The Responsibility to Protect: Report of the International Commission on Intervention and State Sovereignty
The international community faces no more critical issue currently than how to protect people caught in new and large-scale humanitarian crises — humanitarian intervention has been controversial both when it has happened, as in Kosovo, and when it has failed to happen, as in Rwanda. While there is general agreement internationally that we should not stand by in the face of massive violations of human rights, respect for the sovereign rights of states maintains a central place among the principles governing relations between states.
In his Millennium Report to the United Nations General Assembly, Secretary-General Kofi Annan challenged the international community to address the real dilemmas posed by intervention and sovereignty. The independent International Commission on Intervention and State Sovereignty (ICISS) was established by the Canadian government in September 2000 to respond to that challenge.
After a year of intense worldwide consultations and debate, the Commission now presents this path-breaking report. With its central theme of the “responsibility to protect,” the report underlines the primary responsibility of sovereign states to protect their own citizens from avoidable catastrophe — from mass murder, from large scale loss of life and rape, from starvation. But when they are unwilling or unable to do so, that responsibility must be borne by the broader community of states — there must be no more Rwandas or Srebrenicas.
The Commission has also produced a supplementary volume of research, written by Thomas G. Weiss and Don Hubert with input from an outstanding group of international specialists. This volume represents a comprehensive, balanced and up-to-date summary of the key political, ethical, legal, and operational issues and will be of particular interest to scholars. It also contains an exhaustive, thematic bibliography.
The Report of the International Commission on Intervention and State Sovereignty comes with a CD-ROM, containing downloadable versions of the Report, the research essays from the supplementary volume, and an electronic, searchable version of the bibliography.
ICISS Commissioners
Gareth Evans (co-chair, Australia), President of the International Crisis Group, Brussels, and former Australian Foreign Minister (1988–1996).
Mohamed Sahnoun (co-chair, Algeria), Special Advisor to the UN Secretary-General and former Special Representative of the Secretary-General on Somalia and the Great Lakes of Africa.
Gisèle Côté-Harper (Canada), Barrister and Professor of Law, Laval University, Québec. Former Chair of the International Centre for Human Rights and Democratic Development and Member of the UN Human Rights Commission.

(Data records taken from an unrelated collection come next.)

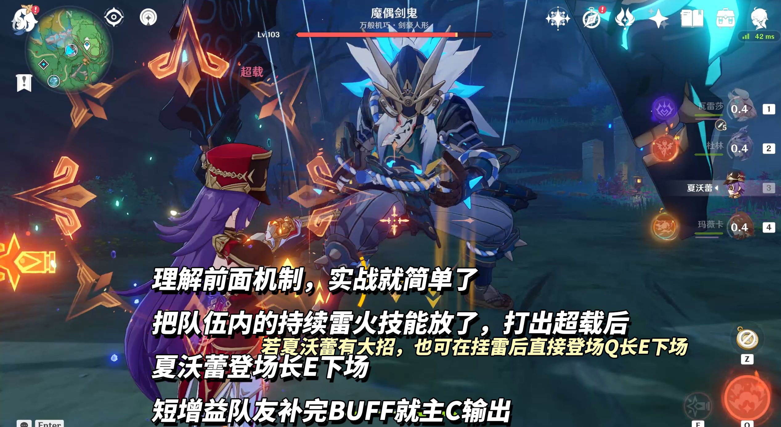 雷C配持续挂火队友、火C配持续挂雷队友。先挂雷、火元素打出超载,夏沃蕾上场长按战技,随后切短覆盖率的增益角色上BUFF,切主C进入正式输出。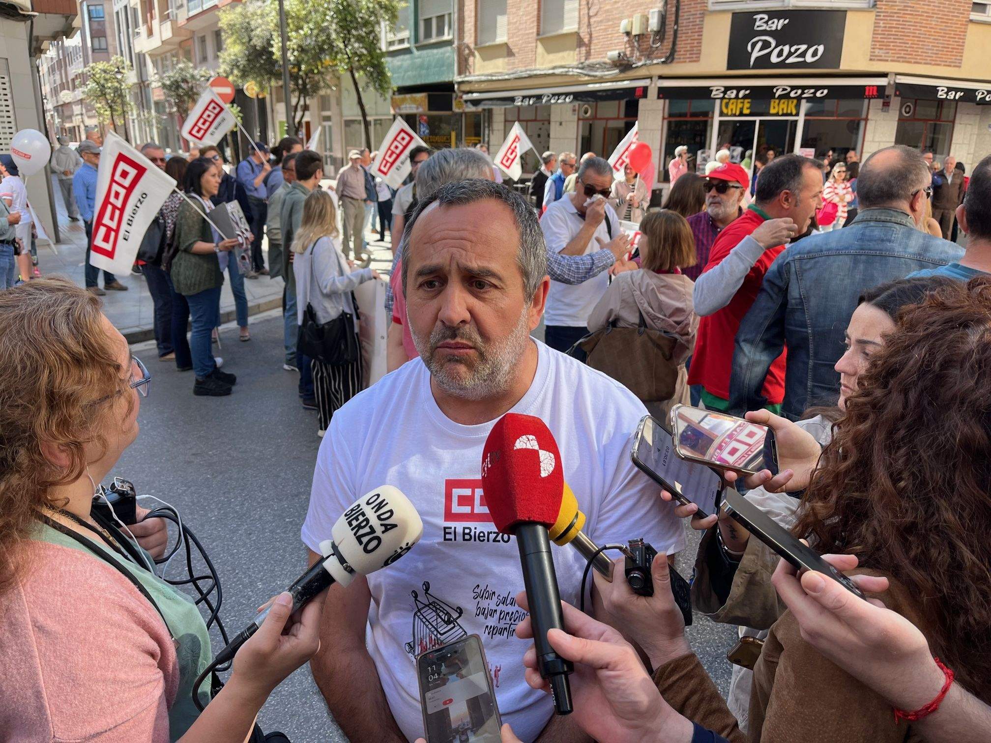 Ursicino Sánchez, secretario comarcal de CC.OOAl respecto, el secretario general de la UGT en El Bierzo, Omar Rodríguez, sostiene que "es un día para poner en valor los acuerdos que se han conseguido estos últimos años en materia social y laboral a nivel estatal" aunque en términos autonómicos, Rodríguez señala "que es imposible llegar a ningún acuerdo que beneficie a los trabajadores y trabajadoras". Además, Rodríguez ha puesto en valor "el acuerdo de negociación colectiva estatal. Un primero de mayo para reivindicar que se vuelva a la senda de negociación, en términos de negociación colectiva para que los trabajadores vuelvan a recuperar el poder adquisitivo". En términos comarcales, los proyectos que se siguen reclamando, en palabras de Omar Rodríguez, son "el nudo de Manzanal, efectivo la conexión con Galicia por Ourense o el Corredor Atlántico" además de reivindicar el proceso para "convertir El Bierzo en una zona atractiva para las empresas".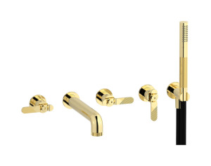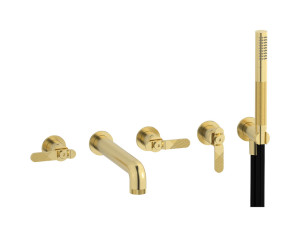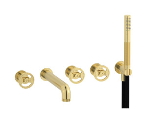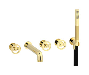 Настенный смеситель для ванной на 5 отверстий с дивертером и душевым гарнитуром. WE ARE IB b2398ii Pale Gold Bold

Lee Hamilton (USA), Director, Woodrow Wilson International Center for Scholars, Washington, DC and former US Member of Congress (1965–1999), where he served as Chairman of the Committee on International Relations.
Michael Ignatieff (Canada), Director of the Carr Center for Human Rights Policy, Kennedy School of Government, Harvard University. Journalist and historian.
Vladimir Lukin (Russia), Deputy head of the Yabloko faction, former Chair of the International Affairs Committee in the Russian Duma and Russian Ambassador to the USA (1992–1994).
Klaus Naumann (Germany), former Chair of NATO’s Military Committee (1996–1999) and former Chief of Staff of the German Armed Forces (1991–1996).
Cyril Ramaphosa (South Africa), Executive Director of the Molope Group and Member of the Board of Directors of the Electoral Institute of Southern Africa. Former Secretary-General of the African National Congress and Member of the South African Parliament.
Fidel Ramos (Philippines), President of the Ramos Peace and Development Foundation and former President of the Philippines (1992–1998).
Cornelio Sommaruga (Switzerland), President of the Caux Foundation for Moral Rearmament, former President of the International Committee of the Red Cross (1987-1999) and Switzerland’s State Secretary for External Economic Affairs.
Eduardo Stein (Guatemala), international consultant with UNDP Panama. Former Foreign Minister of Guatemala (1996–2000), Executive Secretary of the Action Committee for Support to the Economic and Social Development and Central America and Head of the OAS Observer Missions to Peru’s 2000 and 2001 general elections.
Ramesh Thakur (India), Vice-Rector of the UN University, Tokyo, and former head of the Peace Research Centre at the Australian National University in Canberra.